Solomon Sengepoh Thomas, MP, cited constitutional provisions which he said conferred powers on Public Accounts Committee (PAC) to conduct investigations into documents submitted to it by the Audit Service Sierra Leone. However, the same law, he noted, did not limit the PAC in their mode of investigation.
“The committee is at liberty to invite experts to help us in the investigation and submit recommendations to the plenary,” he stated at a press conference held in the conference hall of the office of the Deputy Speaker on Wednesday.
Hon. Thomas, who is the Chairman of the PAC, alluded to several instances when some members of the public have alleged that documents of this nature might have been watered down when they reached parliament.
“It is in this direction that the committee allowed other agencies to come on board and help to investigate the issues raised in the report,” the Deputy speaker said.
The Technical Audit Report was authored by Audit Service Sierra Leone and laid before PAC for public hearing as the law demands.
It was a forensic audit conducted last year by a team of local and international auditors and it revealed that Sierra Leone lost US$1.036 billion in the last three years of the Ernest Bai Koroma administration to fraud and mismanagement by public officials. It was carried out on four sectors: telecommunications, civil works, energy and social security, and covering a period between 2016 and 2018.
The report has been topical and generated debates among the public, especially after the parliament criticized the decision of the Auditor General’s Office to release the report through the Ministry of Finance before presenting it to the Parliament.

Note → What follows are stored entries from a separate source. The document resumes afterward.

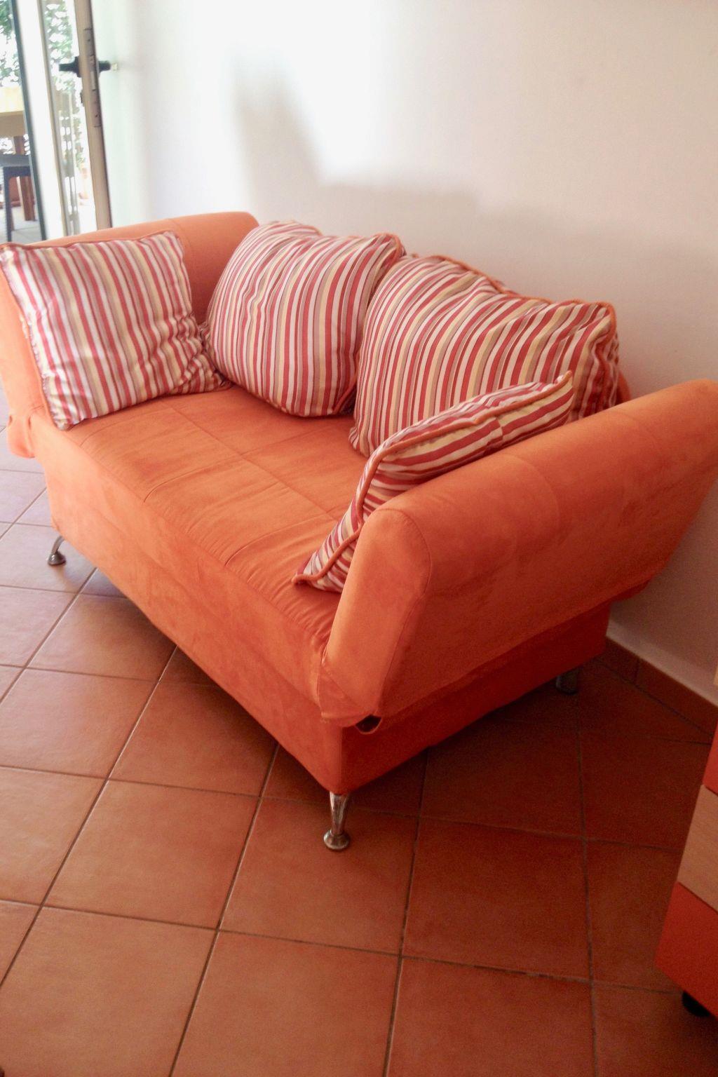 Das Innere der Wohnung hat eine Fläche von 32 Quadratmetern. Sie ist sorgfältig eingerichtet, um einen komfortablen Aufenthalt zu gewährleisten. Das Schlafzimmer mit Doppelbett ist gemütlich und hell, und im Wohnzimmer gibt es ein Schlafsofa für einen dritten Gast.
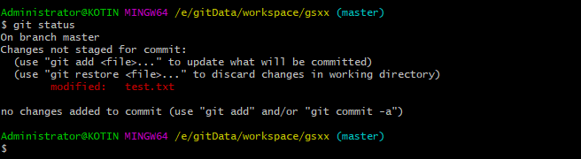 修改文件后,再次 git status 状态查看(仍然是红色提示,但是提示信息不同:modified):
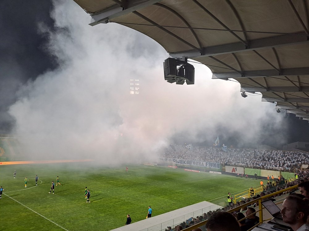 17' Demoni ubacili tri baklje u gostujući kazneni prostor, sudac označio kratki prekid
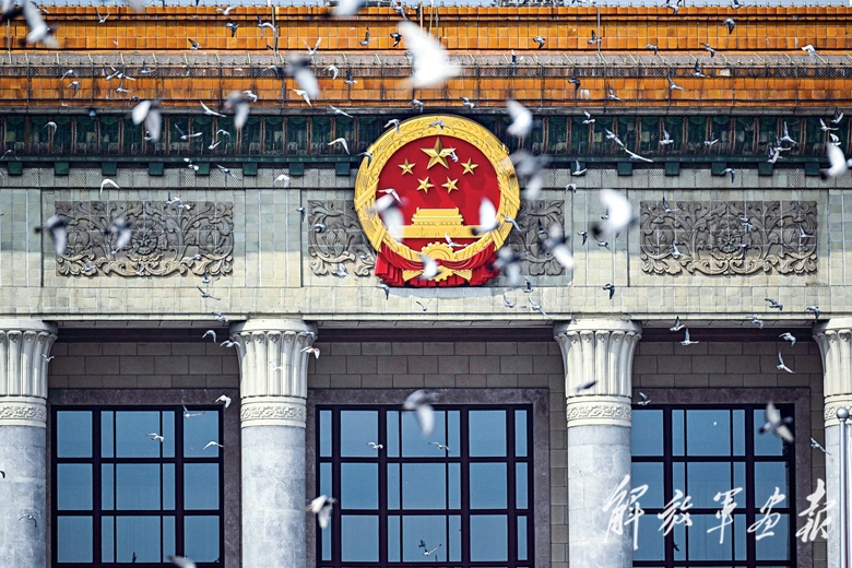 在纪念中国人民抗日战争暨世界反法西斯战争胜利80周年大会上,和平鸽飞过庄严的国徽。(摄影/新华社记者 张宏祥)
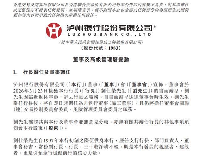 3月23日,头顶“西部地区地级市中首家上市银行”光环的泸州银行(01983.HK)发布公告,因驾驭退休年齿,行长刘仕荣、副行长薛晓芹同期离职,由该行副行长王冲代为诳骗行长权益。王冲年齿仅40岁,本年3月9日刚刚获批担任泸州银行副行长。
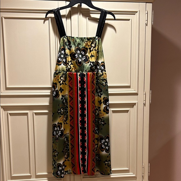 Bold floral and geometric patterns. Black straps. Striking design.
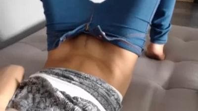 Esta é uma linda garota dando um grande show. Ela mostra com ciúme sua buceta raspada sem tirar o jeans. O melhor está por vir!
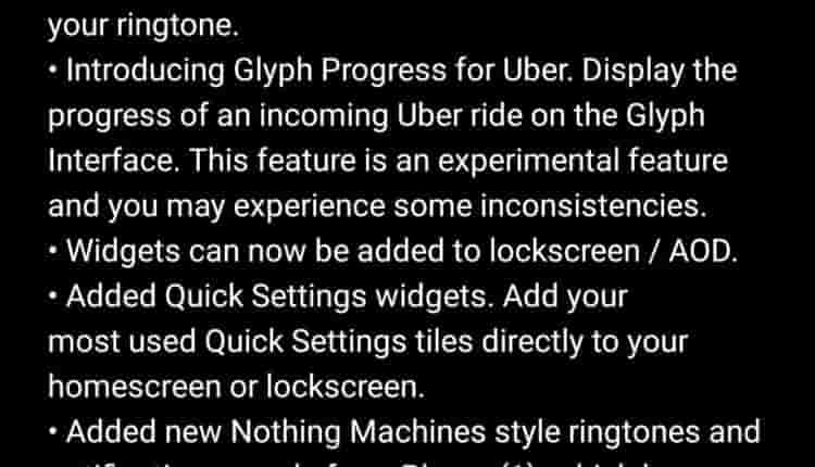 This update introduces the Glyph Composer app that will let you customize the Glyph sequences and set them as ringtones. Thanks to its lightning elements on the rear side, it can now be customized better than before. Nothing has also introduced Glyph progress for Uber, which is an experimental feature. It will show the progress of an incoming Uber ride.
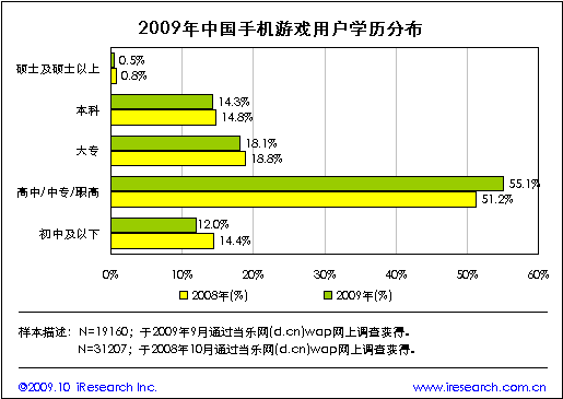 當(dāng)樂(lè)網(wǎng)調(diào)研數(shù)據(jù)顯示,2009年手機(jī)游戲用戶(hù)中高中(含中專(zhuān)、職高)部分的比例較2008年有所增長(zhǎng),增長(zhǎng)幅度達(dá)3.9個(gè)百分點(diǎn),其余各學(xué)歷階段的用戶(hù)比例則均出現(xiàn)不同程度的下降。
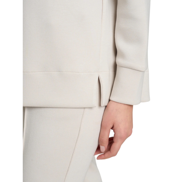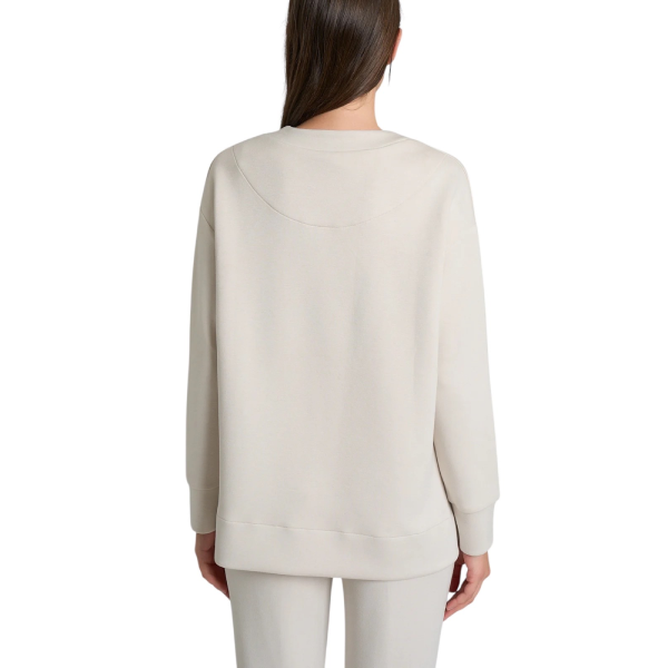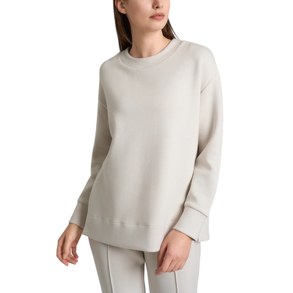 Il design è caratterizzato da un girocollo classico, che esalta le linee essenziali e rende questa felpa facile da abbinare a qualsiasi outfit. Le maniche lunghe con polsini garantiscono comodità e praticità, mentre i delicati spacchetti laterali aggiungono dinamismo e fluidità alla linea, semplificando al tempo stesso l’indosso.

Hon. Thomas informed journalists that the public has expressed divided opinions on the report noting that while some said it’s authentic, others said the report was riddled with errors and therefore “incorrect.”
Considering the operations of parliament, the Deputy Speaker said, the PAC would have to take its time to complete its work.
“At every session of parliament, the mandate of other members of the committee ends and new members come in except me as chairman and permanent member that have right to run commentary of the report,” he said.
It is against this backdrop, the deputy speaker went on, that the committee resolved to seek the intervention of other agencies of the state including the Anti- Corruption Commission to expedite the investigation of the report.
“At the end of their investigation, they submit to PAC the ACC findings which we will translate into a comprehensive report for the plenary committee in parliament,” he added.
Hon. Thomas then assured the public that parliament would no longer use its authority to silence other agencies of the state on issues of public importance, saying: “it is a disservice to the state.”